Wrong. I feel like the usual me.
Maybe it's shock. Or maybe the antidepressants I've been on for the last few years (paroxetine) are even better than I think they are . Or, maybe it's the report I read last week about France having the best cancer treatment in the world (along with the United States, but here it's so much more universal). Or gratitude for not being in the U.K. (rated somewhere with the rest of the third world). Or it could be that age has made me into a philosopher. Or. . . damned if I know.
I realise I could die. And it seems better to face that possibility, since we're on the verge of buying land for a house that we intend(ed) to build ourselves. Even if I come out of this alive, I'm obviously not going to be in any shape for housebuilding for a few months, so it had to be discussed. Like, can Nick build the house while I keep him company or should we buy one? If I die, will Nick be better off in the village where he knows people or in Nyons where there are more distractions available? So we discuss it.
But I don't feel bad or sad or scared. I feel like. . . normal. Just get on with it and see what happens. I'm going to die – or not. It will be soon – or not. I don't know a whole helluva lot more than I knew a couple of weeks ago about my mortality, so I don't feel a lot different.

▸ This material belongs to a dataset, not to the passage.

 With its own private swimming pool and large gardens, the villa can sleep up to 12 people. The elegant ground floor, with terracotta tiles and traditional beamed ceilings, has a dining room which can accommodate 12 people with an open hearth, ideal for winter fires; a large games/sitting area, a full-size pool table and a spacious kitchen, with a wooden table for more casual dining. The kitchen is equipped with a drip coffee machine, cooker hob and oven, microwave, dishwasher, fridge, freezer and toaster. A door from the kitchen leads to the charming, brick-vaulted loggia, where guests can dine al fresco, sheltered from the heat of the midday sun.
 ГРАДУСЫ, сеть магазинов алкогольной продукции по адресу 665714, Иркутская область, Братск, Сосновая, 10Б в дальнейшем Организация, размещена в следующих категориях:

Some of my decisions, of course, have to take an imminent death into consideration; things like, uh, maybe I won't get a new puppy for awhile. On the other hand, the clinic where I currently reside is about 150 meters from a small shopping centre and, since they want me to get out and walk, yesterday I walked to the hypermarket and bought a pretty set of towels (slate blue and mocha; I'm planning on brown for the new bathroom) and new sheets for our new queen-sized bed (which we haven't bought yet). And a T-shirt, 7 pairs of knickers (a sale), and a kitchen timer.

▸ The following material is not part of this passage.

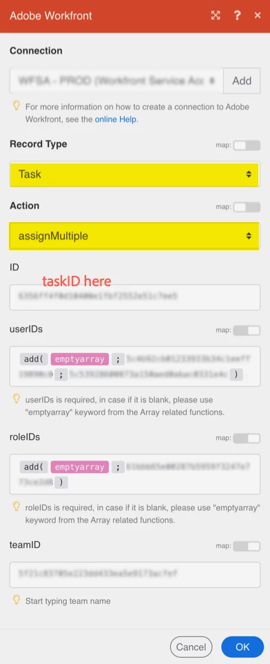 We require your help on multiple assignment in tasks. We are referring - Tasks (workfront.com) for multiple assignments like role, user & team through fusion.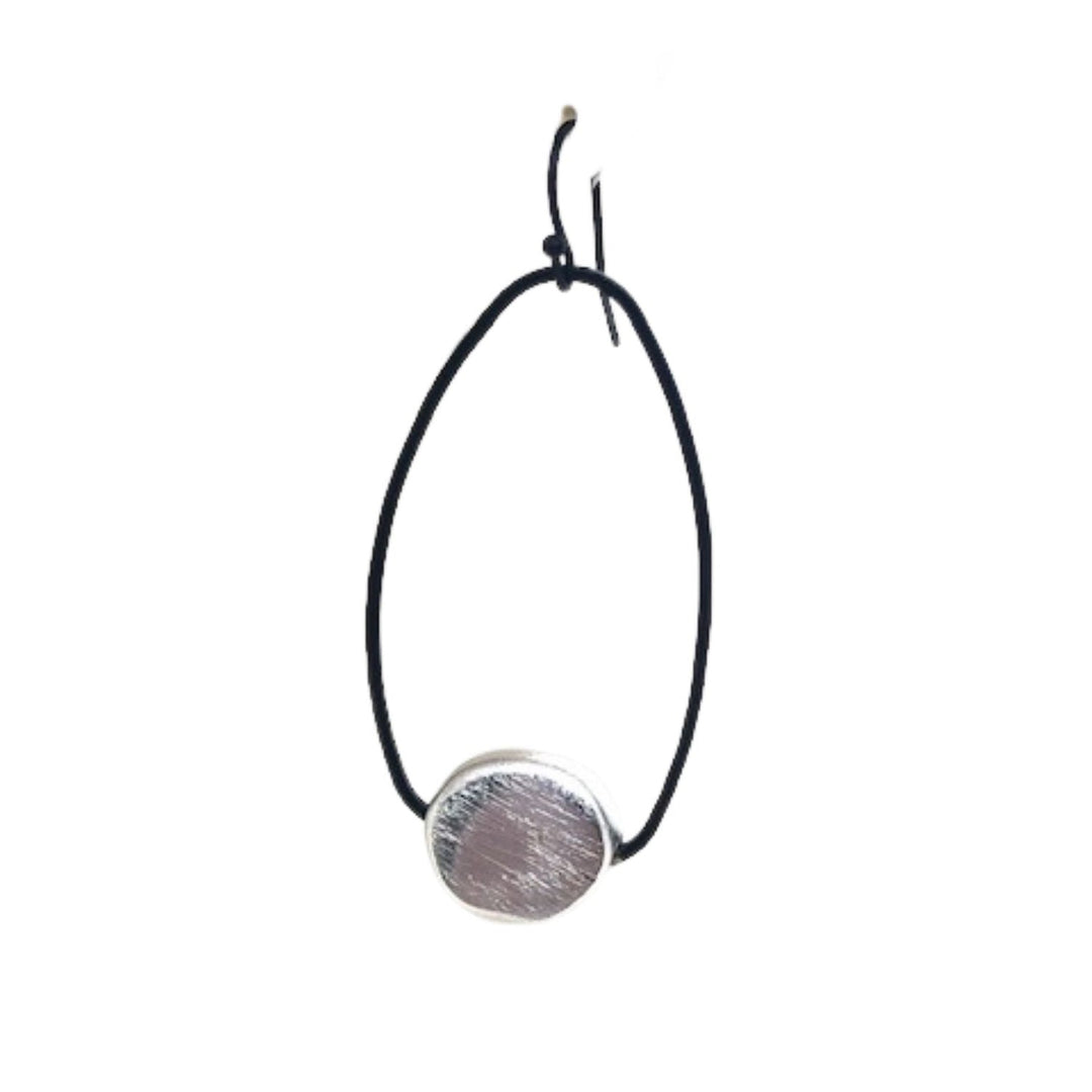 Matte Silver Flat Nugget Inset Oval Black Hoop Earrings

There you have it. The new me and the old me, one and the same.
This status report should get rid of some awkward questions, like: what do you say? Answer: the normal things. You can ask questions, too, about my treatment or how I'm feeling physically or whatever you're curious about, just as you would about my thyroid treatment or myriad knee injuries. I don't mind. Shame about the puppy, though.
P.S. Our phone is being transferred to the apartment and we won't have the internet for 10 days. The next time you hear from me will be from the hotel/restaurant/bar up the road where they've just installed wifi.
Saturday, 2 August 2008
Yayyyyyy! We're signing the papers for the land on September 1.